ACTION ITEM -
Print the records below exactly, starting at the first line and stopping after the line that contains "Arte Islamica Piccolo". Leave out any pictures.

EXCERPTED DATA -
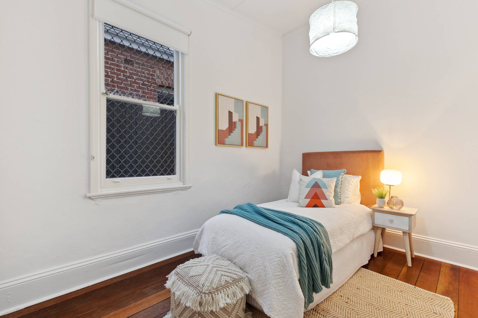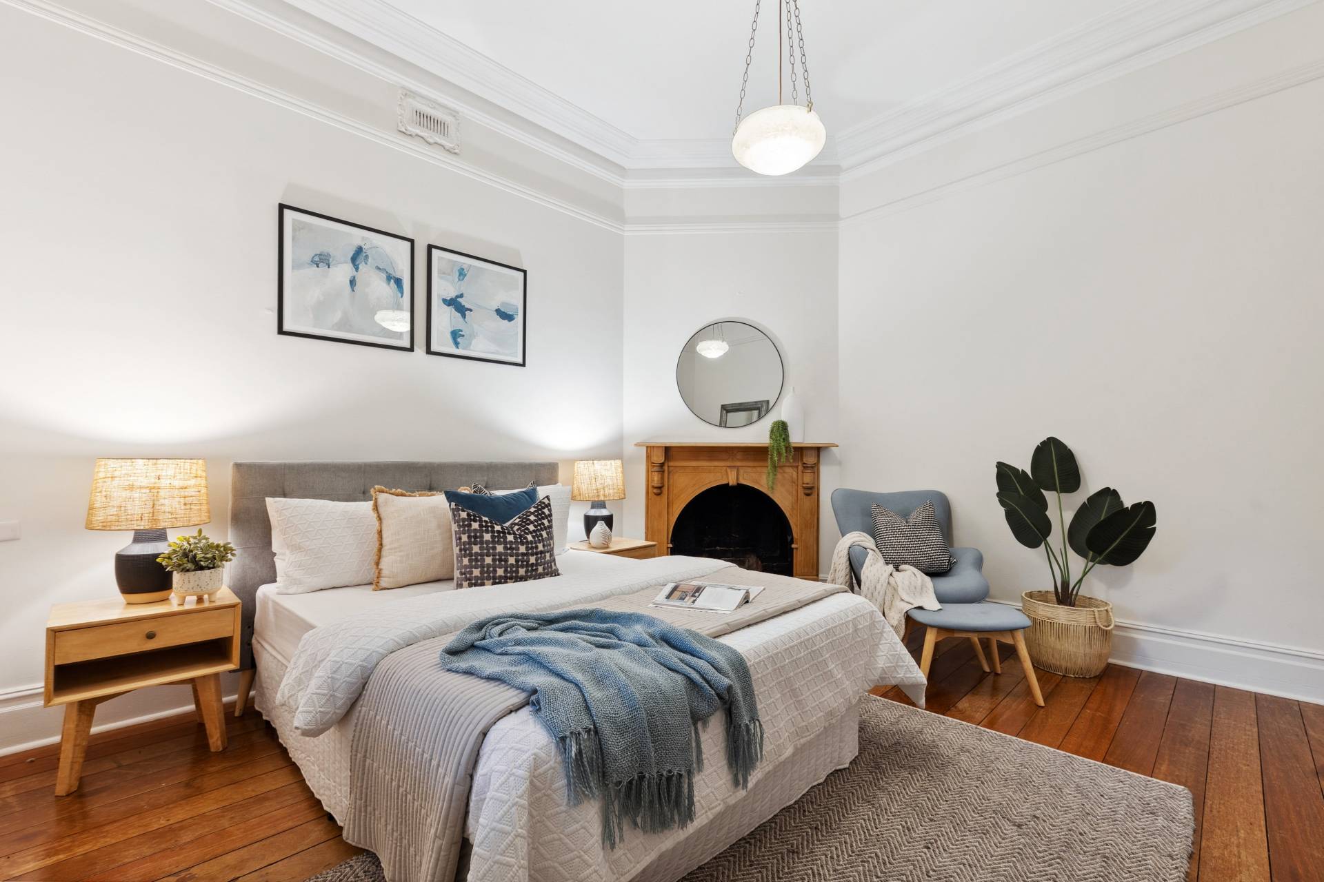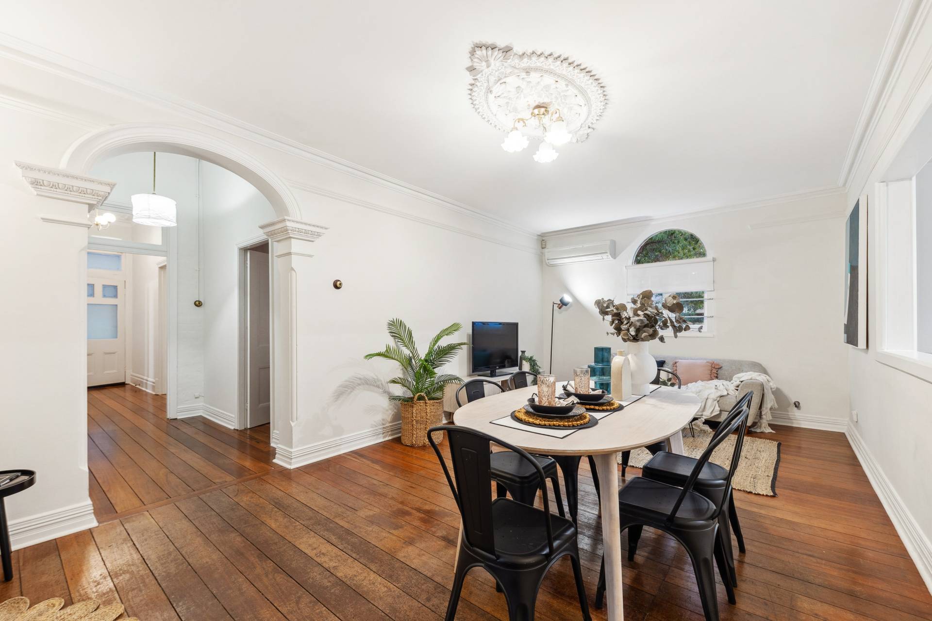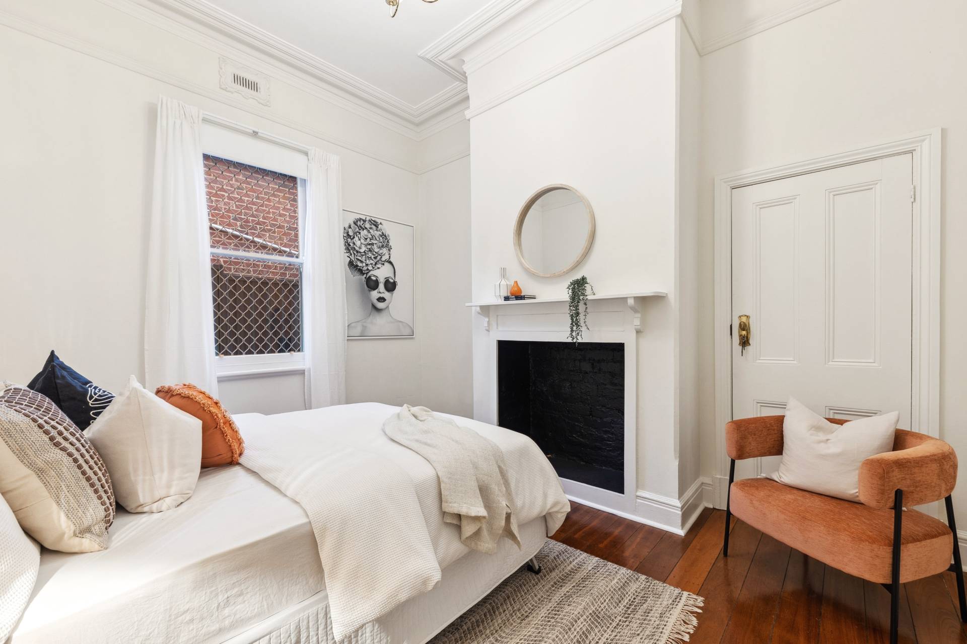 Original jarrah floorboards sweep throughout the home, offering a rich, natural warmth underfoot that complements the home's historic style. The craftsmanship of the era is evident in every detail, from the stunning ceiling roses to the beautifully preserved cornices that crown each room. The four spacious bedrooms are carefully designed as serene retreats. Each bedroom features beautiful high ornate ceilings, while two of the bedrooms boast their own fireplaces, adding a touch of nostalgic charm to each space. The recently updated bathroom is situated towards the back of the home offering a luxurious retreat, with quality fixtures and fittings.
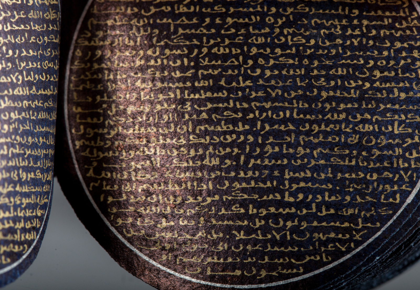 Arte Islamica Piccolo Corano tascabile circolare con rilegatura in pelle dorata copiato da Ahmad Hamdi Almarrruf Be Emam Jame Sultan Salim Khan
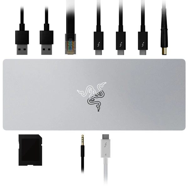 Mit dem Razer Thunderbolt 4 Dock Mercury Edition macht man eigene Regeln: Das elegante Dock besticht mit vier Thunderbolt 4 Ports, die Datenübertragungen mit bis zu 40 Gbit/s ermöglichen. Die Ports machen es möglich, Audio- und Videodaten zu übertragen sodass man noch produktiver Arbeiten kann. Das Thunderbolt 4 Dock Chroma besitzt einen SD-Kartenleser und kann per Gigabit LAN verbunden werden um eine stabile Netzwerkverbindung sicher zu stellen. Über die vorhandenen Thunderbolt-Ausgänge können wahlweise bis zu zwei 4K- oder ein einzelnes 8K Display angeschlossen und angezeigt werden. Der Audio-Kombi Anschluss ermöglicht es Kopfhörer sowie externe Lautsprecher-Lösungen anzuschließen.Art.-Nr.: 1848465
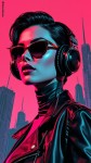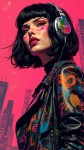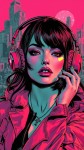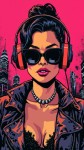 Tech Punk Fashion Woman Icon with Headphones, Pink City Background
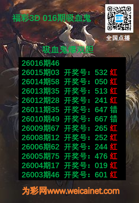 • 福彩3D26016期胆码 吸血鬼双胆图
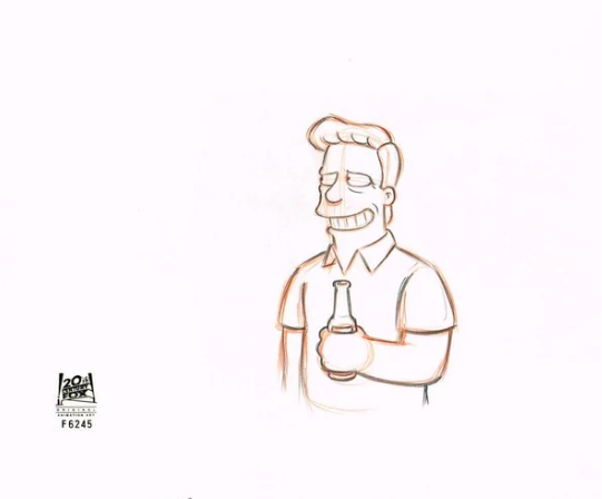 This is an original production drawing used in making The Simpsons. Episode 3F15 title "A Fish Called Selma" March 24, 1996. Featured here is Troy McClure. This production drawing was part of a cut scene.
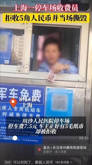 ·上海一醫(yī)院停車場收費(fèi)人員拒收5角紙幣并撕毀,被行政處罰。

REPLY TO THE TASK -
 Original jarrah floorboards sweep throughout the home, offering a rich, natural warmth underfoot that complements the home's historic style. The craftsmanship of the era is evident in every detail, from the stunning ceiling roses to the beautifully preserved cornices that crown each room. The four spacious bedrooms are carefully designed as serene retreats. Each bedroom features beautiful high ornate ceilings, while two of the bedrooms boast their own fireplaces, adding a touch of nostalgic charm to each space. The recently updated bathroom is situated towards the back of the home offering a luxurious retreat, with quality fixtures and fittings.
 Arte Islamica Piccolo Corano tascabile circolare con rilegatura in pelle dorata copiato da Ahmad Hamdi Almarrruf Be Emam Jame Sultan Salim Khan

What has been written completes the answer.